One day in Fifth Grade I decided that I was no longer going to where my uniform, plaid jumper, knee socks and accessories, to school. I cleverly told my mom that this particular day at school was a dress down day, as we were going on a field trip. My mom thinking that this was not unusual sent me to school with my dad, I repeated the same story with him, consistency is key. I jumped out of the car behind school so my Dad would not see everyone else in their uniforms and I marched in to class, which is where my day became worse. The plan that I had worked out in my mind only brought me so far as escaping from my parent’s questions about me not wearing a uniform, I had forgotten about what my teacher would say. Actually she didn’t say anything, she took attendance with me in my blue jeans and green t-shirt, and allowed me to go on the field trip. I thought that I had gotten off, was there really not going to be a punishment, could I really follow my own rules? As the class filled out to go to recess I joined my place in line when my teacher politely asked “Where are you going?”
“I was going to go eat lunch and go on the playground.” I responded.
“I would have no problem with you going to recess if you had worn your uniform today. I telephoned your mother and she was shocked, she distinctly remembers you telling her that today was a dress down day. It is not my job to punish you for lying to your mother, but it is my job to make sure that you obey the rules that I issue. For the rest of the month you will eat lunch in class with me and write “I Will Obey My Teacher” in cursive at least one hundred times a day, what you do not finish in that time you can take home. I talked with your mother and she says that you would not mind having the extra homework.”
Clearly something was wrong, I was Brer Rabbitt in this situation and Brer Fox had a death grip on me.

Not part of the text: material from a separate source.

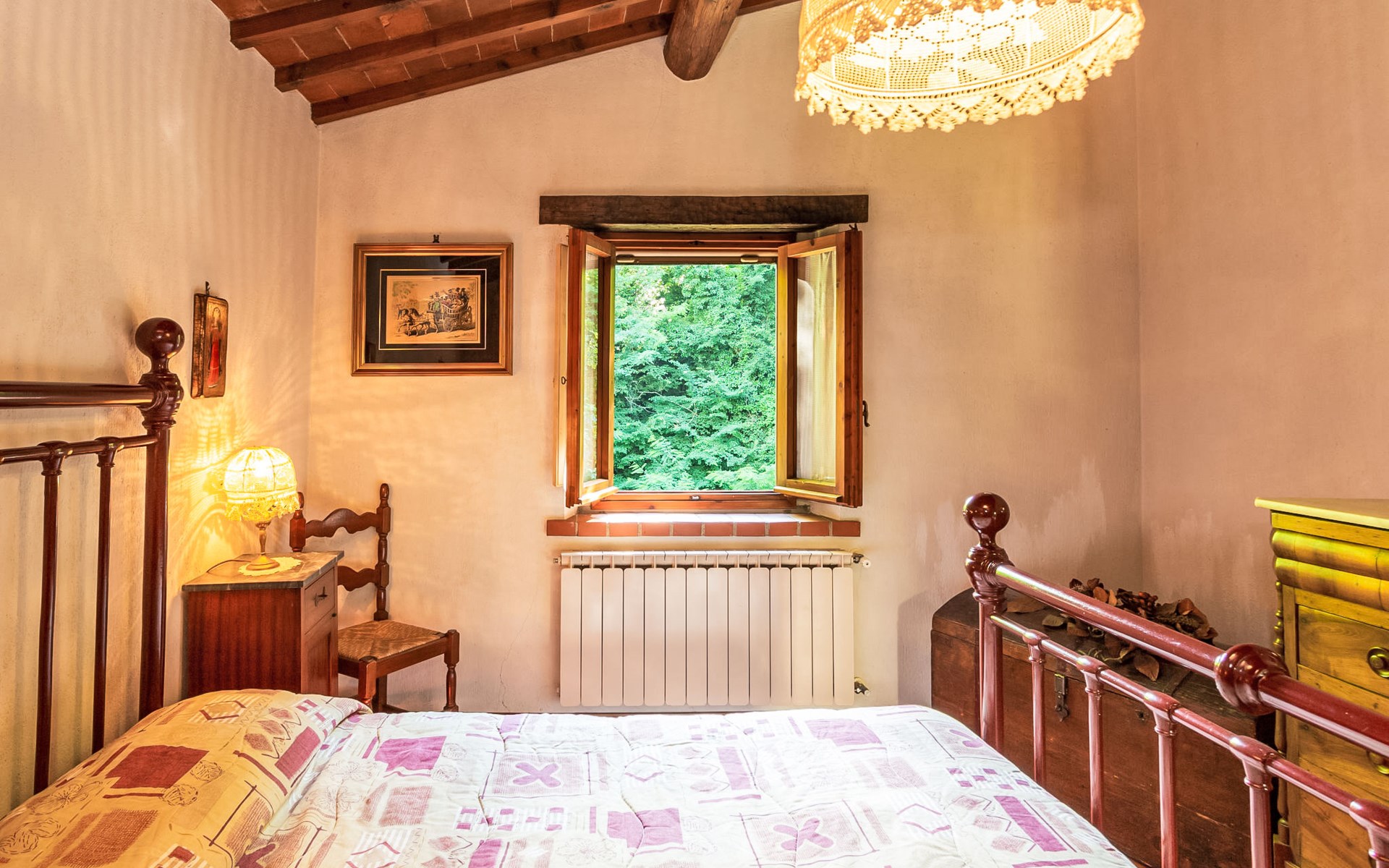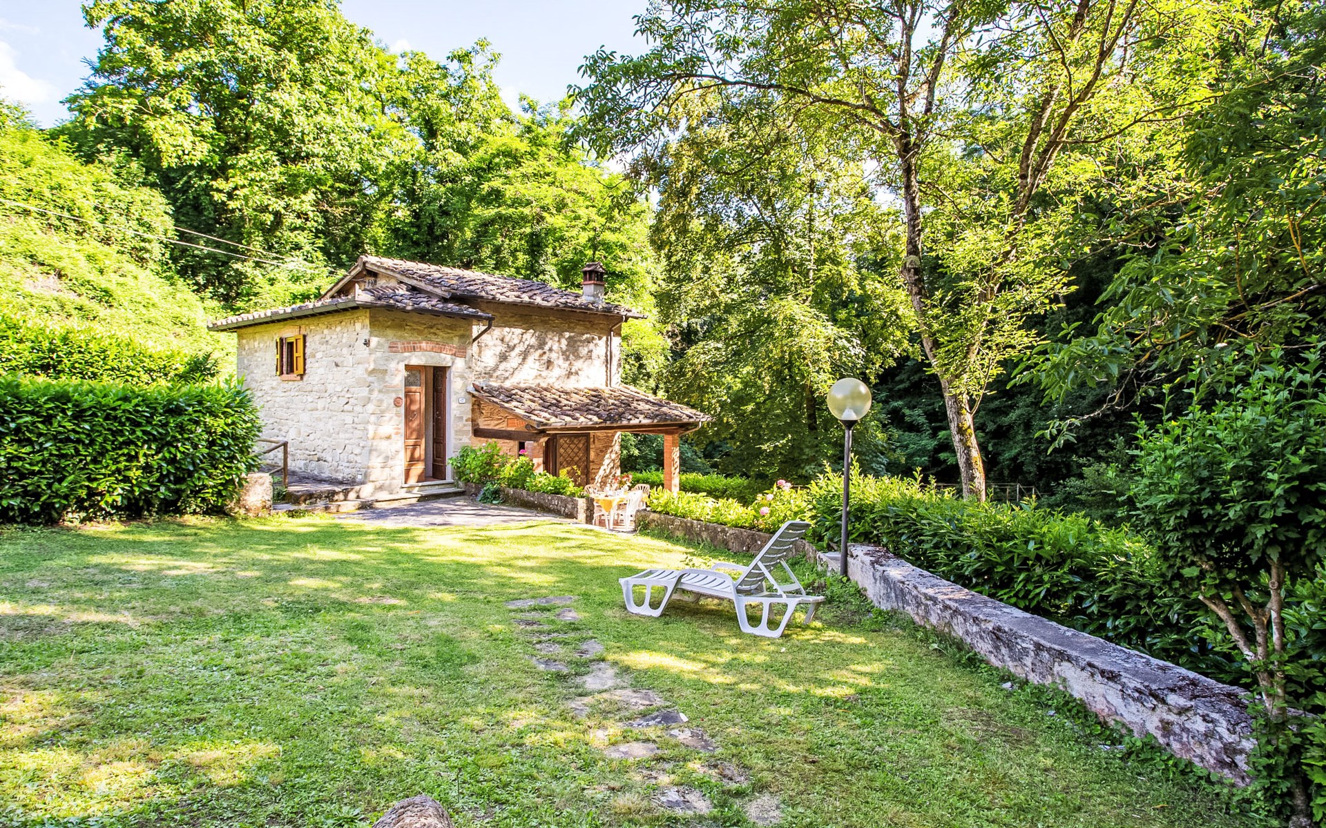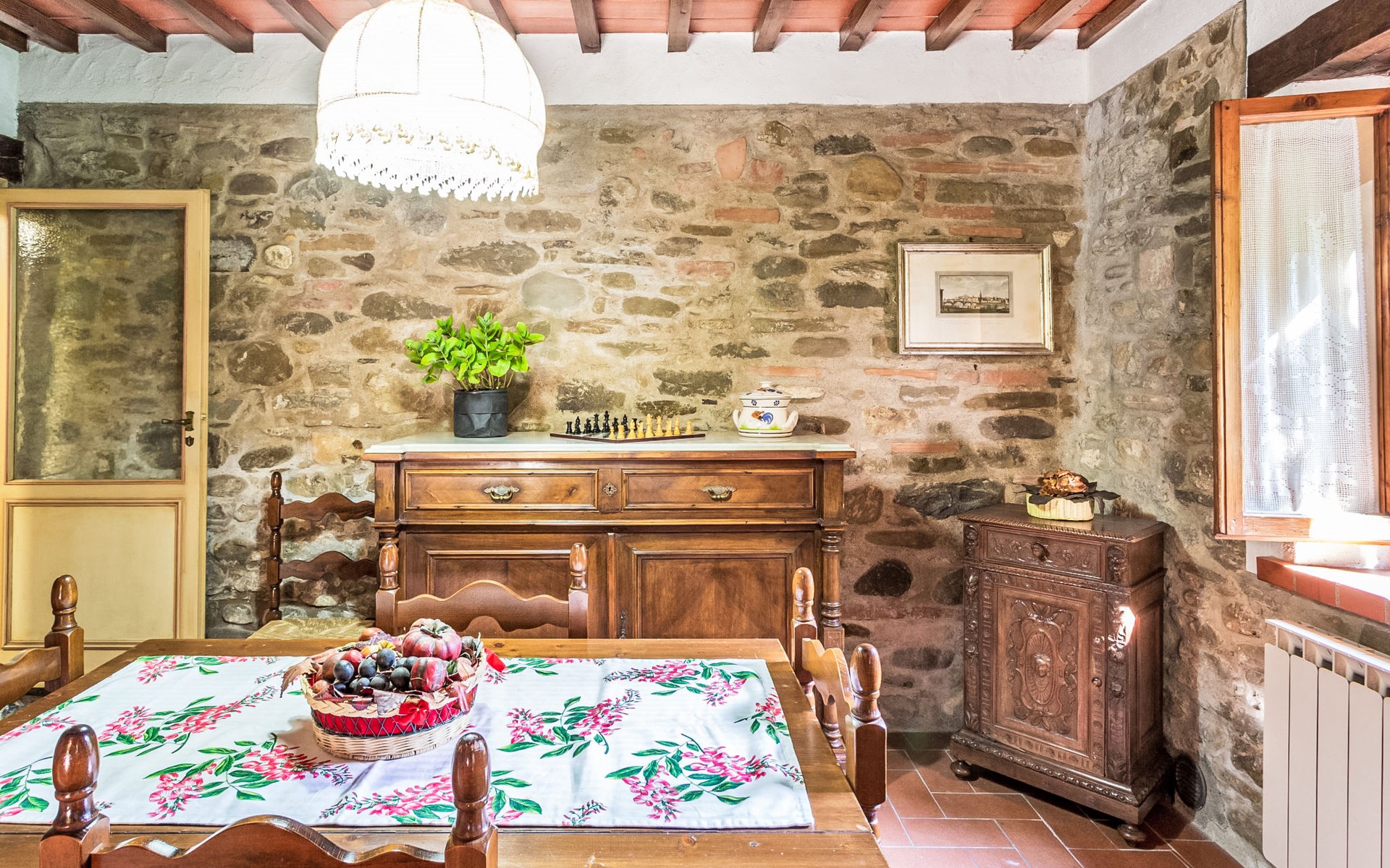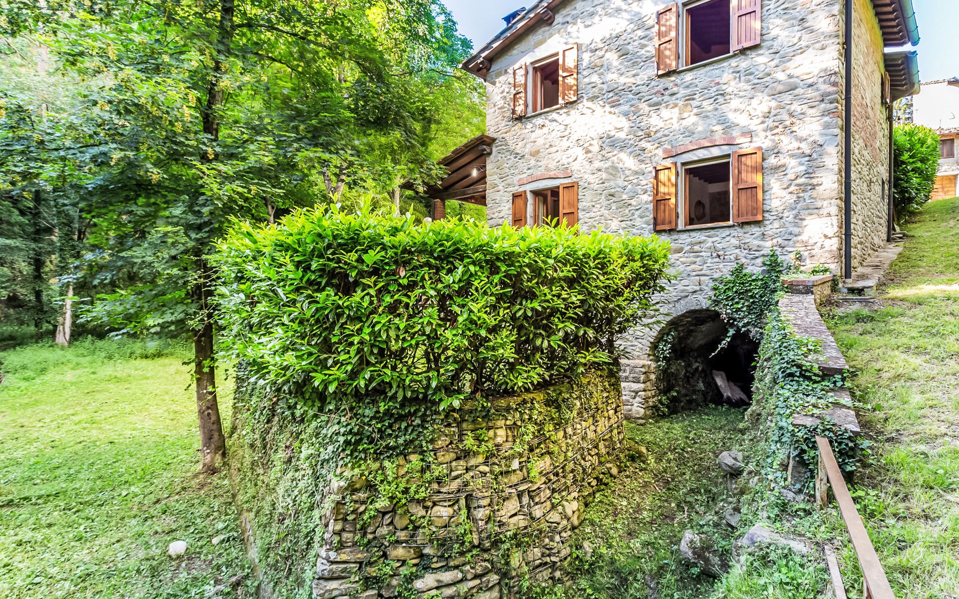 Very beautiful windmill "La Ripresa", 2 storeys, from the 16th century. 6 km from the centre of Vicchio di Mugello, 36 km from the centre of Firenze, in a secluded, quiet position, 25 m from the river, in the countryside. Private: garden 1'000 m2 with lawn and wildlife garden. In the house: central heating system, heating to be paid on the spot, heating available only from 01.Nov. - 04.Apr.. Narrow motor access to 100 m from the house. Parking on the premises. Grocery 2 km, supermarket 6 km, shopping centre 6 km.

My mother’s punishment allowed me a little more creativity than my school punishment. My acting out in school, according to my mother, was a result of me being to busy. She was going to have to make a choice, either I was giving up ballet or cross country. As stated earlier in class when discussing possible performance options in class, I cannot dance. My ballet instructor once said that when I tondued it “looked like a dog urinating on a fire hydrant”; I was only to happy to give up this up, but I knew that if I showed how relieved I was then my mother would probably make me give up cross country instead. “Mom, I love ballet so much, I just don’t know what I will do if I have to give it up.” My mother stopped taking me to ballet the next day. I have no idea if my mother knows the reverse psychology that I tried to use on her, she probably does, or if she finally recognized my dancing deficiencies, but none of that mattered. I had figured out how to control my own life, the idea of independence liberated me at the time, despite the shackle of written lines that were mine for the rest of the month.
- Bruno Bettelheim, The Uses of Enchantment, Random House, New York, 1975, 4.